Grayson College is currently projecting a $1.07 milllion funding decrease for the next fiscal year, following projected decreases in enrollment and state funding amid the COVID-19 pandemic.
The update came last week during the monthly board of trustees meeting in which college staff outlined three possible scenarios for next year’s budget. The talks were intended to serve as one of the first steps toward setting the upcoming budget.
“These numbers are very early,” GC President Jeremy McMillan said last week. “I don’t want to say it could be worse than the worst case scenario projected here, but I was on a call this morning that one of my colleagues was budgeting a scenario for a 20 percent reduction in state funding.
“So, if you went on that alone, you would add on $888,000 less in our pockets for that.”
For the current year, the college is anticipating that revenues will be modestly over expenses by about $398,000 for the full year. College officials attributed this in part to a mixture of reduced enrollment and tuition alongside some savings from adjunct salaries, utilities and other expenses that were stalled due to the pandemic.

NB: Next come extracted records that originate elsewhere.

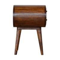 This round style bedside has been constructed from 100% solid mango wood in a chestnut finish. It features 2 drawers which provide great storage and will come in handy before bedtime. Some other features include 4 Nordic style legs and shiny knobs on the drawers. It can be used alone or be partnered with the other rounded furniture pieces from the collection.
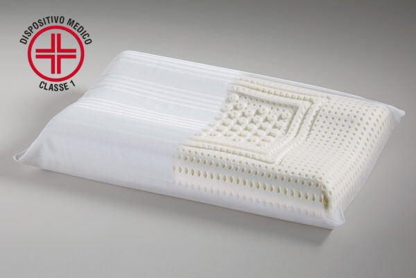 - Monoblocco in Memory Air, con sagomatura cervicale ad onda e canali di ventilazione, a celle aperte intercomunicanti, traspirante, automodellante, indeformabile
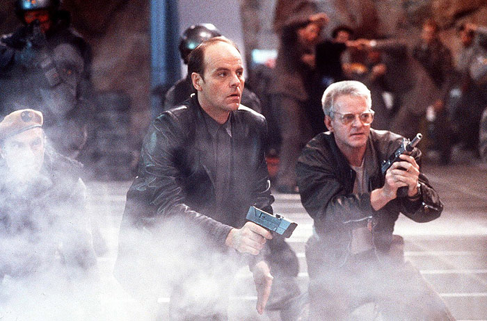Ce qui nous ramène à la marque de fabrique du cinéma de Paul Verhoeven : une trivialité assumée sans le moindre complexe. En alternant à un rythme élevé entre la violence passablement gore et les répliques sous forme de boutade, le réalisateur assure un divertissement de haut vol. Un divertissement foncièrement populaire, soyons bien clairs là-dessus. Mais en faisant appel aux références du film de genre dans ce qu’il a de plus instinctif, le tout sur fond de thèmes musicaux martiaux signés Jerry Goldsmith, Verhoeven entreprend son propre grand détournement des codes et des poncifs.
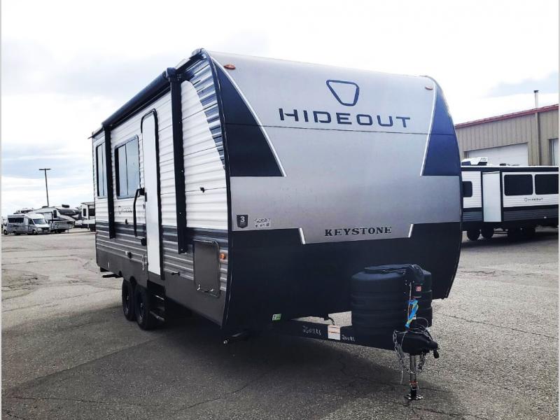 With any Hideout Sport travel trailer by Keystone you will enjoy simplified camping solutions that won't break the bank! Each model is constructed with a durable AlphaPly TPO roof membrane, tinted safety glass windows, and an I-beam frame. There are power tongue jacks and heavy duty stabilizer jacks that will make it easier than ever to hitch up and go. An XL entry assist handle will also provide convenience, along with a power awning that will provide much wanted shade during the day. You will feel right at home inside with stylish decor, blackout night shades, and cozy bed with storage underneath!
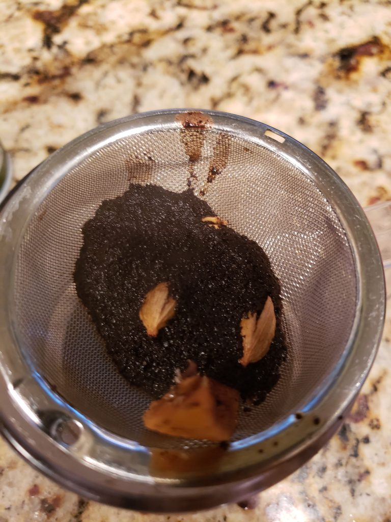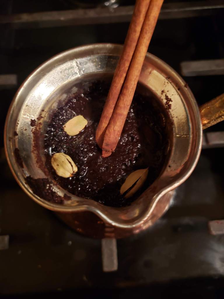 1.) Combine 2 tablespoons of finely ground coffee with 8 ounces of cold water into a saucepan (5 ounces if brewing in a Turkish coffee pot). Add 5 bruised cardamom pods, a strip of lemon peel, 2 cloves and a cinnamon stick. Bring the mixture just to the point of boiling. Strain the liquid and set it aside to cool.
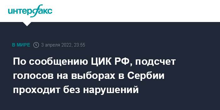 По сообщению ЦИК РФ, подсчет голосов на выборах в Сербии проходит без нарушений
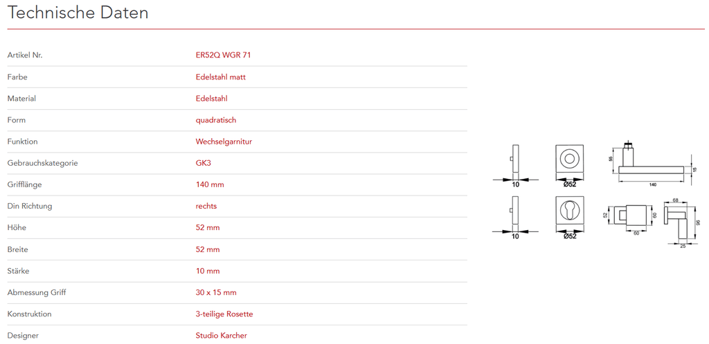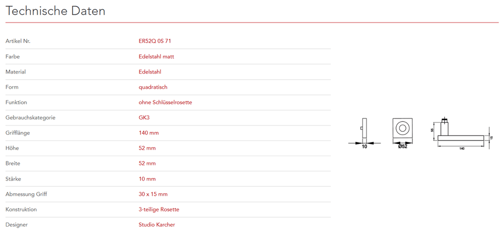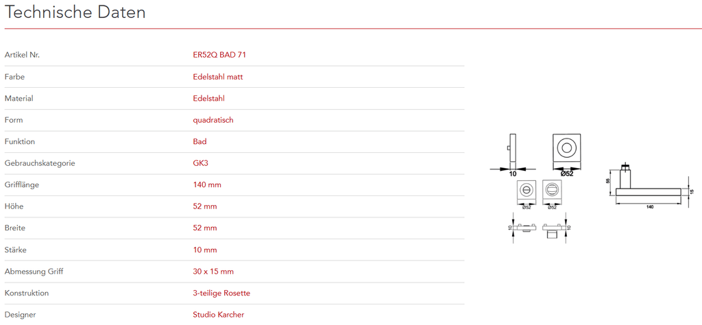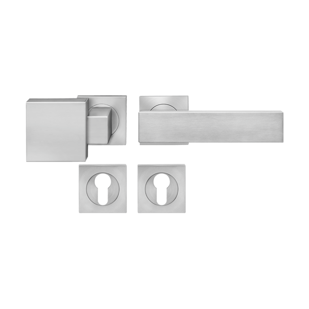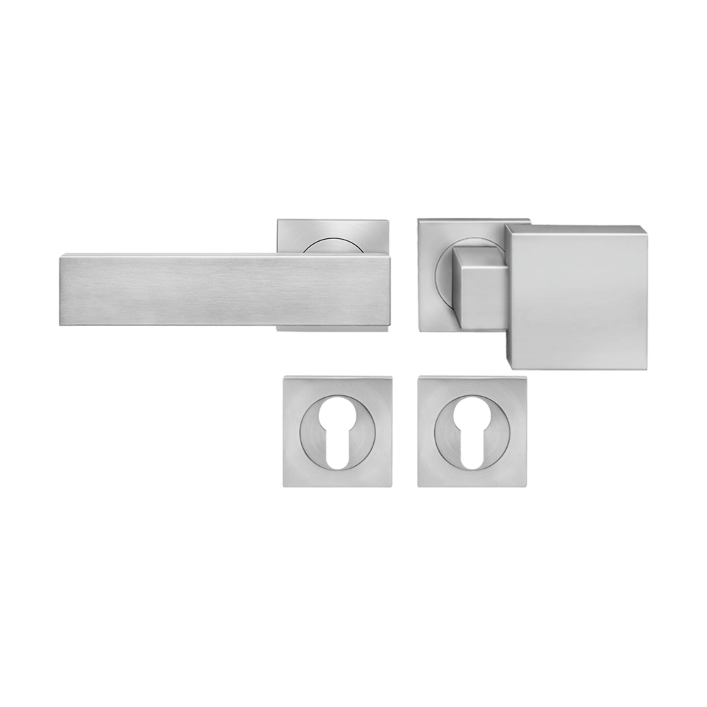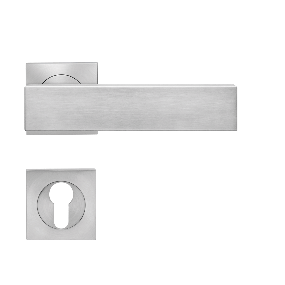 Der Türgriff Milano ER52Q zeigt sich mit seinem kantigen Design, elegant und zeitlos. In Kombination mit der 3mm dünnen Plan Design Rosette, ist eine aufgesetzte oder flächenbündige Montage möglich. Die edelstahlmatte Farbe unterstreicht die Formgebung dieses Griffs.
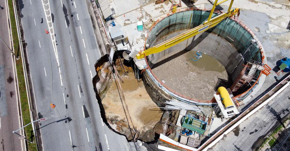 Na terça, a cratera se abriu ao lado de um poço da obra do metrô, após o rompimento da tubulação de esgoto, quando o tatuzão, equipamento responsável pela escavação dos túneis do metrô, passava cerca de três metros abaixo.
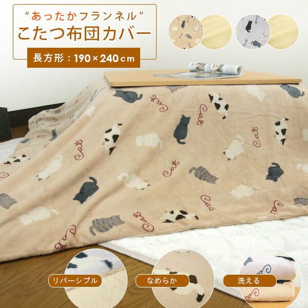こたつ布団カバー 長方形 190×240cm ねこ柄 フランネル こたつカバー こたつ掛け布団カバー 洗える こたつふとんカバー コタツ布団カバー こたつ毛布 上掛け あったか 185×235 こたつ布団対応 ナチュラル 北欧 おしゃれ かわいい ネコ CAT リバーシブル 無地 【送料無料】 詳しく見る
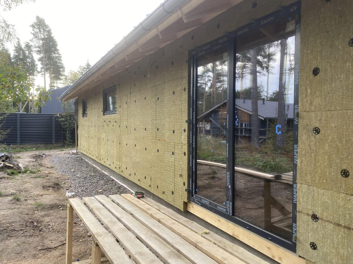 Для утепления CLT–панелей используются утеплители базальтовой группы высокой плотности, как в случае утепления многоквартирных домов. Они крепятся с помощью специального крепления, затем закрываются ветрозащитной пленкой.
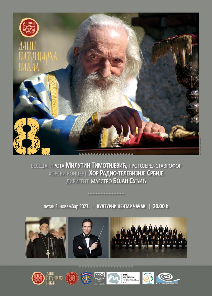ČAČAK – U petak, 3. novembra, u velikoj sali Doma kulture održaće se Svečana akademija Dani patrijarja Pavla.
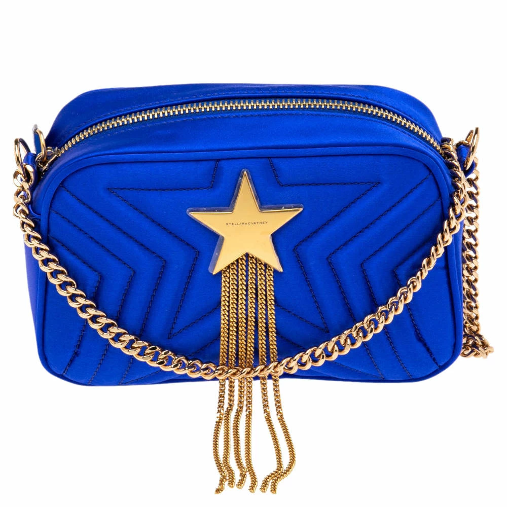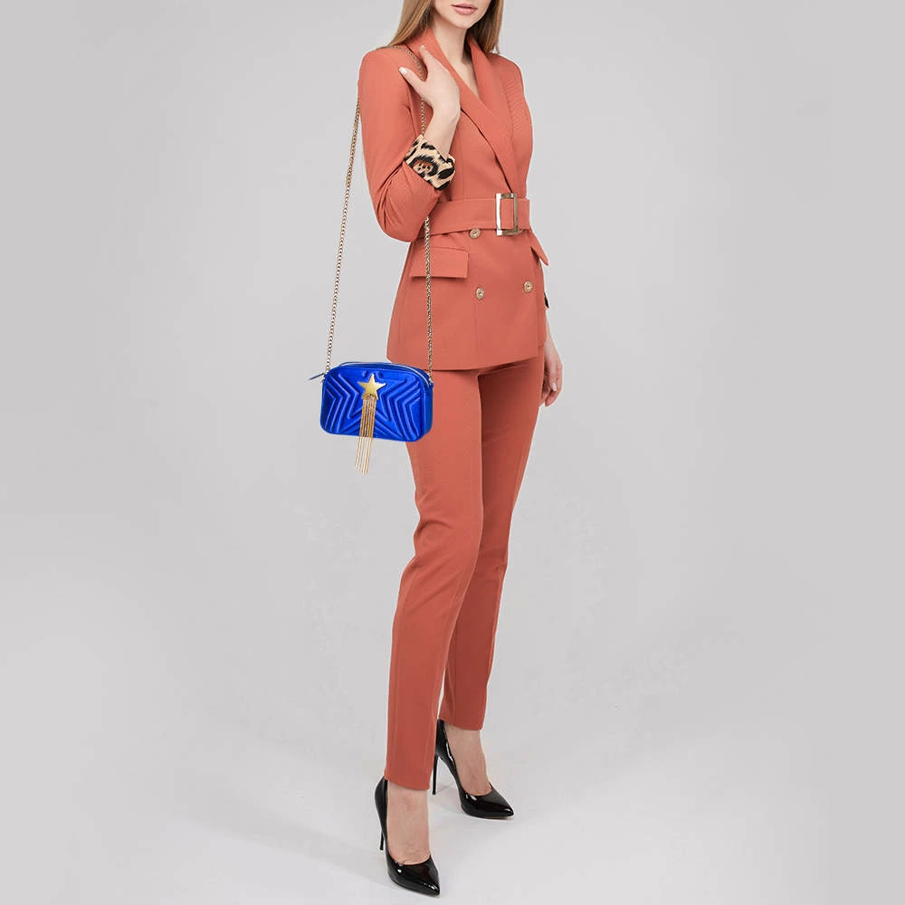 Make a wonderful appearance by adorning this plush bag by Stella McCartney. Crafted from satin, it comes in a lovely shade of blue. It features a quilted star pattern and the brand’s logo makes an appearance on a star-shaped emblem on the front flap. The faux suede-lined interior is sized to house your essentials. The bag is complete with a gold-tone chain-link strap.
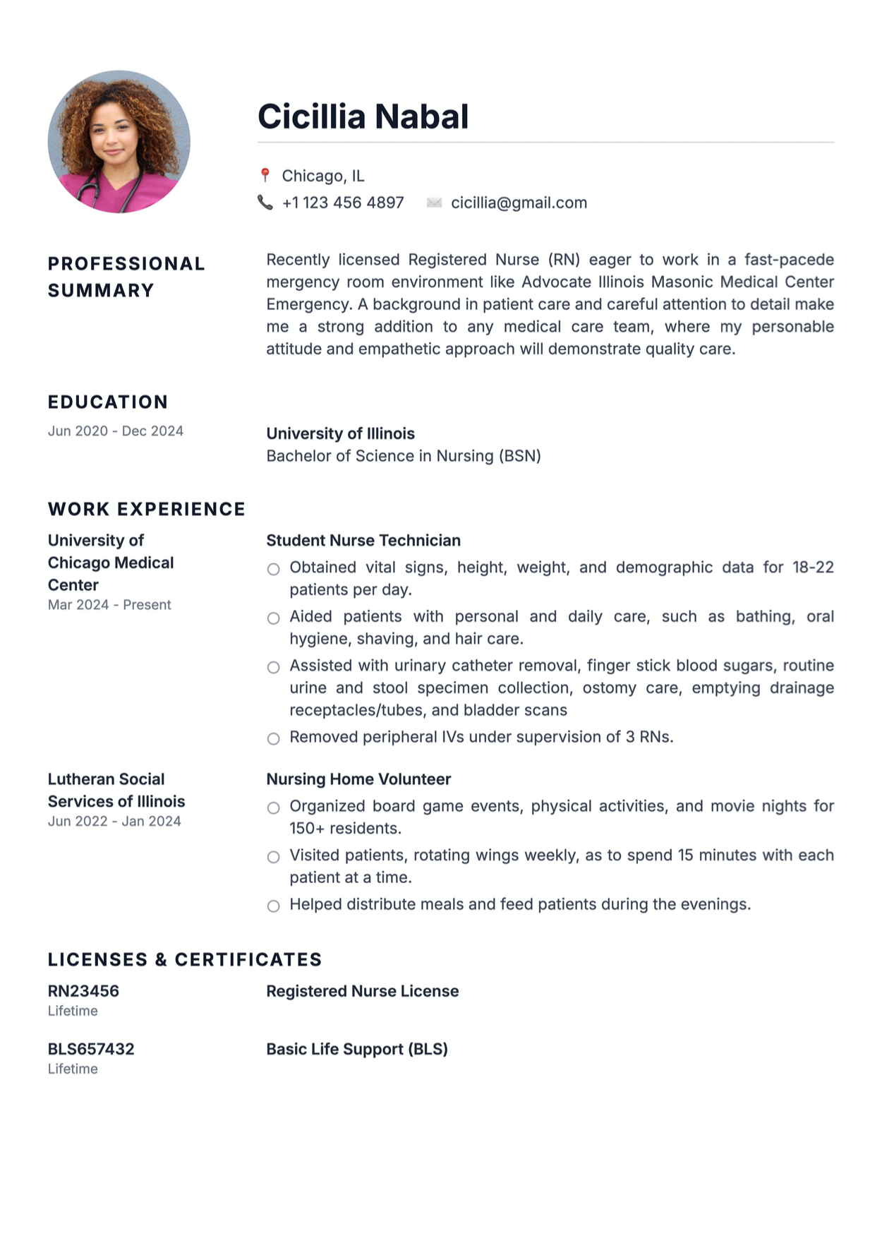 - Registered Nurse License (IL #041.123456) - Active through 2026

For the upcoming year, college officials presented three scenarios that represent the best, worst and most-likely scenario for budget going into 2021. The best-case scenario is the only scenario that presents the college with revenues over expenses.
“Those numbers that have changes would have been positive numbers in previous years and right now we are looking at the possibility of negatives,” GC Vice President of Business Services Giles Brown said.
In the best case scenario, the college anticipates a budget increase of about $849,500. However, on the other side of the spectrum, the worst case scenario could see the college budget drop by $3.27 million.
The largest portion of this decrease can be attributed to tuition decreases, with a possible loss of $1.91 million from general tuition and an additional $565,000 associated with courses from the Center for Workplace Learning.
“As we see registration come in for the summer term, it is not what it has been at this time in the past,” McMillan said.
Currently the college is looking at what courses can be transitioned for online. The college is also working to alleviate congestion in classes that must meet in person. These including lab work and skills-based courses, including manufacturing and industrial courses in the CWL.
In all cases, the college is anticipating an increase in local tax funding due to increasing property values. This anticipated increase ranges from $425,000 in the worst-case scenario to $936,500 for the best-case scenario.
With the COVID-19 pandemic having a negative impact on the economy, McMillan said the college is anticipating a drop in collection rate from the historic 98 percent to about 95 percent.
“We feel sure that values will be up and looking at collection rates even in downturns we haven’t seen a decrease in that,” Brown said.